= Exercise instructions =
In the listing below, locate the line containing "Los Bunkers, la" and the line containing "Ve bu çarşının". Output both of them and every line between, exactly as written, and nothing more.
------ Source material ------
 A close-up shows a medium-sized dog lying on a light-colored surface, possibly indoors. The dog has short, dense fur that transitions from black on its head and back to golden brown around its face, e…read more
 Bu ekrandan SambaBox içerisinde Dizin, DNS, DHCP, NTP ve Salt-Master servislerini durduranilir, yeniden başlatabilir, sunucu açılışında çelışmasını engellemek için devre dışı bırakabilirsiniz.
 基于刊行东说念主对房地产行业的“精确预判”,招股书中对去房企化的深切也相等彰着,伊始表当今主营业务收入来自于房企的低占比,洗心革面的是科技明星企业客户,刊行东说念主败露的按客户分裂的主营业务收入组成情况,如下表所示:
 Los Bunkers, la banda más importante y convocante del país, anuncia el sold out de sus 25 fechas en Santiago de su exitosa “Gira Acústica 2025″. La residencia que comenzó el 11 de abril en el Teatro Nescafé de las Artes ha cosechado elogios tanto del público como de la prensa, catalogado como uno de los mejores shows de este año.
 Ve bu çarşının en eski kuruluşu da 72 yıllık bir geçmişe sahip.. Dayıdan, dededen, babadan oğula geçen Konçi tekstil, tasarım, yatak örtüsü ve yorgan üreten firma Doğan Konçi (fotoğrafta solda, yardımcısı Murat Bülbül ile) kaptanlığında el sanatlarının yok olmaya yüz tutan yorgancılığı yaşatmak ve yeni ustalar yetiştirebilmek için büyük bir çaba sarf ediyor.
------
------ Source material ------
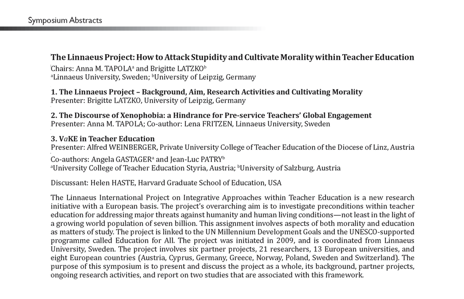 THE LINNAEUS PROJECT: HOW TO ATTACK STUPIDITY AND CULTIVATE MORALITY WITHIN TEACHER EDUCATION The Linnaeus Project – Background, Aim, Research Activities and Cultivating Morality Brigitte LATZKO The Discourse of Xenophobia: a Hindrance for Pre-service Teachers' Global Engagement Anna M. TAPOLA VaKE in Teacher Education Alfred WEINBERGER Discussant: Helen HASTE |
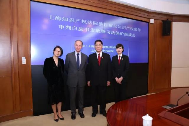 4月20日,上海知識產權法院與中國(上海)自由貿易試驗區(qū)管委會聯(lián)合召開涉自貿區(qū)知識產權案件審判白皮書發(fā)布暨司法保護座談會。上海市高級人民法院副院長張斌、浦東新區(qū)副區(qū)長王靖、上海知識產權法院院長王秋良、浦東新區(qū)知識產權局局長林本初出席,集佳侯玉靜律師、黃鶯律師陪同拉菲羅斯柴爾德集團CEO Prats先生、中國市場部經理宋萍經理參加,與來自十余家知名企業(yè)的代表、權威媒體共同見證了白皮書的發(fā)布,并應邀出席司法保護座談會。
------
------ Source material ------
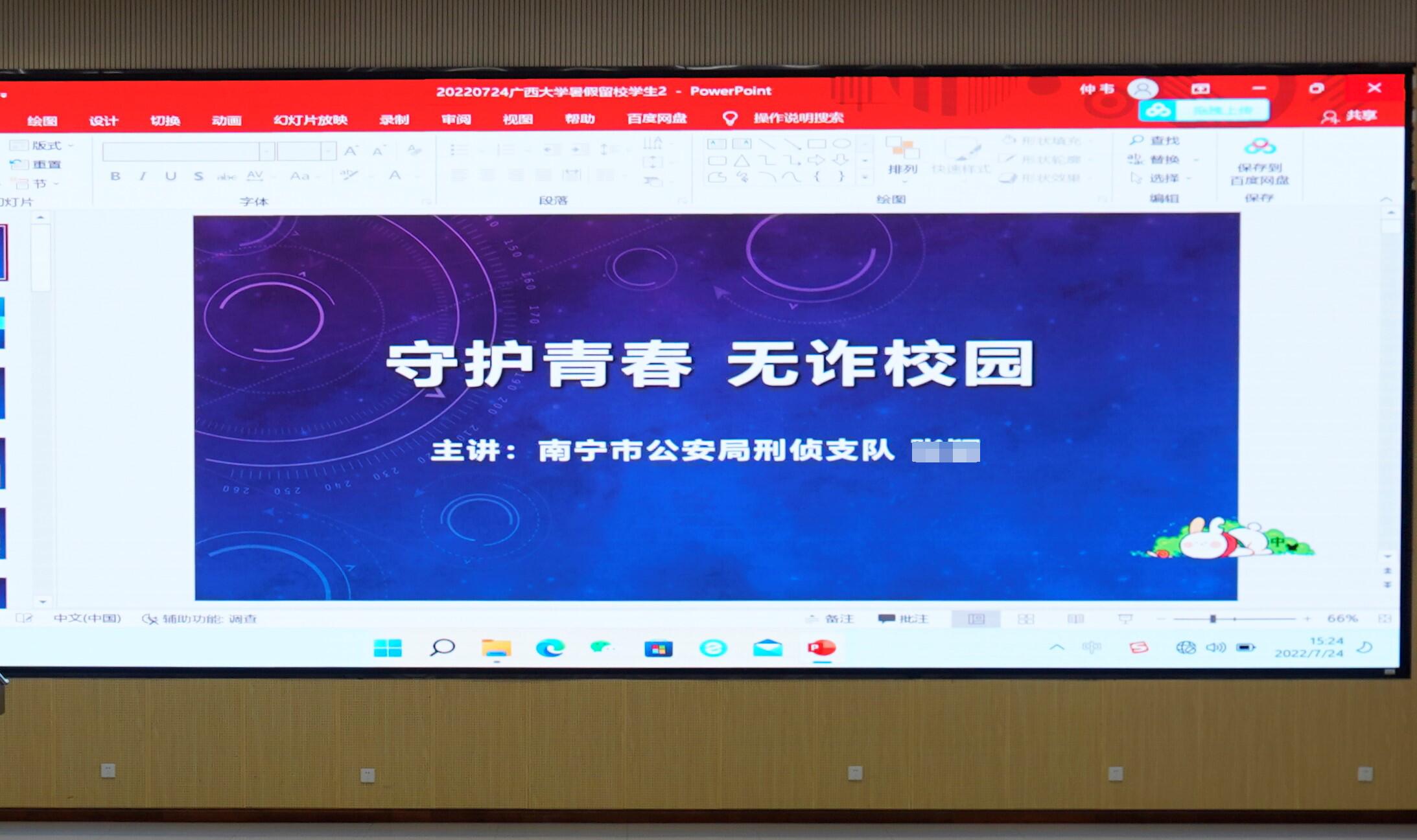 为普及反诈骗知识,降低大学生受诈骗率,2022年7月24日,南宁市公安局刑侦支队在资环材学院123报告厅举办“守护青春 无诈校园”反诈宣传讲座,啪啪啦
------
= Answer box =
 Los Bunkers, la banda más importante y convocante del país, anuncia el sold out de sus 25 fechas en Santiago de su exitosa “Gira Acústica 2025″. La residencia que comenzó el 11 de abril en el Teatro Nescafé de las Artes ha cosechado elogios tanto del público como de la prensa, catalogado como uno de los mejores shows de este año.
 Ve bu çarşının en eski kuruluşu da 72 yıllık bir geçmişe sahip.. Dayıdan, dededen, babadan oğula geçen Konçi tekstil, tasarım, yatak örtüsü ve yorgan üreten firma Doğan Konçi (fotoğrafta solda, yardımcısı Murat Bülbül ile) kaptanlığında el sanatlarının yok olmaya yüz tutan yorgancılığı yaşatmak ve yeni ustalar yetiştirebilmek için büyük bir çaba sarf ediyor.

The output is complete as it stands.